Q: (XSLT) finding the position of the first occurrence of an attribute value

[Jorn W Janneck]

hello everyone.

i have the sort of question that makes me feel like i am missing the forest
for the trees, so apologies if i am missing the blatantly obvious here. i am
using saxon, and mostly xslt version 1.1 (the unofficial one).

i have a template parameter, say v, which contains a sequence of nodes of
the same kind, say A, which all have an attribute, say n. these attributes
may have different numeric values. i have identified the least of those like
this:
<xsl:variable name="minN" select="min($v/@n)"/>

what i'd like to do now is to compute the index (in v) of the *first* node
whose n attribute has value $minN. iow, i'd like to write something like
<xsl:variable name="pos" select="???"/>

where ??? would be an xpath-expression computing the desired position. so
e.g. if v contained the nodes
<A n="5"/><A n="3"/><A n="4"/><A n="5"/><A n="3"/>
then minN would be 3, and pos should be 2. i have tried a few things that
seemed to produce correct results if there was only one node with the
corresponding attribute value, but i was not successful at finding a
solution that works in cases like the one above.
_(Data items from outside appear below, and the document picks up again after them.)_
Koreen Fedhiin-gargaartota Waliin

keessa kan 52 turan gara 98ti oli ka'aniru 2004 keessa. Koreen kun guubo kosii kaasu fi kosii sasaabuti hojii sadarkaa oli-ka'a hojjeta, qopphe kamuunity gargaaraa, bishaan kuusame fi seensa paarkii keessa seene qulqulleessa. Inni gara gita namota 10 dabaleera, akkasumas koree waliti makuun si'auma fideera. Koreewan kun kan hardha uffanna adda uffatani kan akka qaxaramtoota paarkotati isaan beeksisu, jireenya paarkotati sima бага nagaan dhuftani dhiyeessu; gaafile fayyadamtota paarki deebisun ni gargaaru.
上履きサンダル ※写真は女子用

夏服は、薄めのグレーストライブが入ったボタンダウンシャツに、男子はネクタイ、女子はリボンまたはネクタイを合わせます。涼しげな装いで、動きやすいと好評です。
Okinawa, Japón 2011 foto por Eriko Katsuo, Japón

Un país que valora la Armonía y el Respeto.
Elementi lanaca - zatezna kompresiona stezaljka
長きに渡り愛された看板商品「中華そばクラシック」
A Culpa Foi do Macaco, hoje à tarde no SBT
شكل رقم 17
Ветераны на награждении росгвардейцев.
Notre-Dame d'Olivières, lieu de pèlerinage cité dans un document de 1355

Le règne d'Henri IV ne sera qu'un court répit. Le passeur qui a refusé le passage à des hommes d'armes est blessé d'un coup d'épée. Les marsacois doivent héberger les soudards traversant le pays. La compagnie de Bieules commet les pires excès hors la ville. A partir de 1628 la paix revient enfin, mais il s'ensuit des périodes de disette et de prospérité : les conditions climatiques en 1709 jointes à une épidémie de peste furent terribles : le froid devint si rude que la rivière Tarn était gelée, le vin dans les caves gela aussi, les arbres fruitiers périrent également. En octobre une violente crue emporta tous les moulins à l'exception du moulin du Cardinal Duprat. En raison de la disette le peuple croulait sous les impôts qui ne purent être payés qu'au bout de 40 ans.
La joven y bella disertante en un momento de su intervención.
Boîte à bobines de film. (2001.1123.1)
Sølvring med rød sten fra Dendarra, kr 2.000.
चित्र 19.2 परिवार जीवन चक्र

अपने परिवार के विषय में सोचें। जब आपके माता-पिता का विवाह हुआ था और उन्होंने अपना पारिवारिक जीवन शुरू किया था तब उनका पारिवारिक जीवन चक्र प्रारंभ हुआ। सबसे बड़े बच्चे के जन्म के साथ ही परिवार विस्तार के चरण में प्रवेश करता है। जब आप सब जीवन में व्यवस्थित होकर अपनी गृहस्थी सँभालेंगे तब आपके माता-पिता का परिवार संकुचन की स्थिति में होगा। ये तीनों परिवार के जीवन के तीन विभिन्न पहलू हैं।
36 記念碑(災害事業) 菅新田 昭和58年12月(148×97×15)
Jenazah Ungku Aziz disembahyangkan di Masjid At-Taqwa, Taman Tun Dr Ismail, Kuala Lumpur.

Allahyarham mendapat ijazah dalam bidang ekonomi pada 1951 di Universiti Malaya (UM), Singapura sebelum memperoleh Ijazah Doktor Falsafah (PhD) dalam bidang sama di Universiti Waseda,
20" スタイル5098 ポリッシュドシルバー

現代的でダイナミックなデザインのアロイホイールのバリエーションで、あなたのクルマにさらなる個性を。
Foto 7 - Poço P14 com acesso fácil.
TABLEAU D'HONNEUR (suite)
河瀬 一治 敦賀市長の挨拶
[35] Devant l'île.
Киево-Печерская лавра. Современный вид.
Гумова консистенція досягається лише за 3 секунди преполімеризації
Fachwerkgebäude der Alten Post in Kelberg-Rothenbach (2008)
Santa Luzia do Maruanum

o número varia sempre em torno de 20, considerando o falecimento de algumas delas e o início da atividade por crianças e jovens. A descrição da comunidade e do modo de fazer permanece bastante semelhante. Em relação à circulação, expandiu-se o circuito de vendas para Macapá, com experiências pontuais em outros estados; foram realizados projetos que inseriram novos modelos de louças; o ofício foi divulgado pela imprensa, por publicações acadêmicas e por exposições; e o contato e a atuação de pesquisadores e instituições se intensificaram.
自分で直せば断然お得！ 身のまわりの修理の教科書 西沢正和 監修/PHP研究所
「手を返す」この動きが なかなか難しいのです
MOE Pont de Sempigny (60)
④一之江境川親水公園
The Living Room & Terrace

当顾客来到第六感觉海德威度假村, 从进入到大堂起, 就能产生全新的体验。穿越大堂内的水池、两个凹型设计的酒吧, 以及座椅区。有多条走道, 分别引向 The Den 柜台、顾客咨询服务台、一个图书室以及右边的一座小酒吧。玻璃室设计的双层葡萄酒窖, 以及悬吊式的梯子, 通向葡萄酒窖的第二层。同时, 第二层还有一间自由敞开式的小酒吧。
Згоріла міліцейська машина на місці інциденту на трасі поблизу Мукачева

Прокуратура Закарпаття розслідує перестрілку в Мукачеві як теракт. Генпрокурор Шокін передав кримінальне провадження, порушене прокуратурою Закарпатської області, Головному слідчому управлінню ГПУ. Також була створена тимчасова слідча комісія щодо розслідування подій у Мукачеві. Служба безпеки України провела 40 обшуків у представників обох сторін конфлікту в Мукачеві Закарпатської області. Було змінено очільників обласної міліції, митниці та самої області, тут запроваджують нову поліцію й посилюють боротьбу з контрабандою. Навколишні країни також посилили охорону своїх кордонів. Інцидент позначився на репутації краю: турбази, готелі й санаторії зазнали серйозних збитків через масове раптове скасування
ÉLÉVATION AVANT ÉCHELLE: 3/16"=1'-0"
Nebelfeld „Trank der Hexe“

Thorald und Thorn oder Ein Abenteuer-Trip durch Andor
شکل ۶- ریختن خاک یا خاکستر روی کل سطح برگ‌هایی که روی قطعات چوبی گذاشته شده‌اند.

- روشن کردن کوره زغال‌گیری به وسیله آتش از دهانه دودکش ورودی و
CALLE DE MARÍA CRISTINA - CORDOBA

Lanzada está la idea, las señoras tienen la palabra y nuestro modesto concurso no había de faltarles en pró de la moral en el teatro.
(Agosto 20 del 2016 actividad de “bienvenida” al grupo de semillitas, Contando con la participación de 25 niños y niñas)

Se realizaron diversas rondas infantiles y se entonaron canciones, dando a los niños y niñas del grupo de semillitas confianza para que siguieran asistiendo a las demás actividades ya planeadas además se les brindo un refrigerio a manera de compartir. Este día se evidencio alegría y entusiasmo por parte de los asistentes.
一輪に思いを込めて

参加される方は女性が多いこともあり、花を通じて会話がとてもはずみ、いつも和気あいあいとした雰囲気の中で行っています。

any input is greatly appreciated. thanks for your time.

regards,

-- j

 

[Dimitre Novatchev]

hello everyone.

i have the sort of question that makes me feel like i am missing the forest
for the trees, so apologies if i am missing the blatantly obvious here. i am
using saxon, and mostly xslt version 1.1 (the unofficial one).

i have a template parameter, say v, which contains a sequence of nodes of
the same kind, say A, which all have an attribute, say n. these attributes
may have different numeric values. i have identified the least of those like
this:
<xsl:variable name="minN" select="min($v/@n)"/>

There is no function min() in XPath 1.0

what i'd like to do now is to compute the index (in v) of the *first* node
whose n attribute has value $minN. iow, i'd like to write something like
<xsl:variable name="pos" select="???"/>

In the general case this is:

count(set:leading($v[@n = $minN][1])) + 1

where set:leading is the identically named extention function from EXSLT.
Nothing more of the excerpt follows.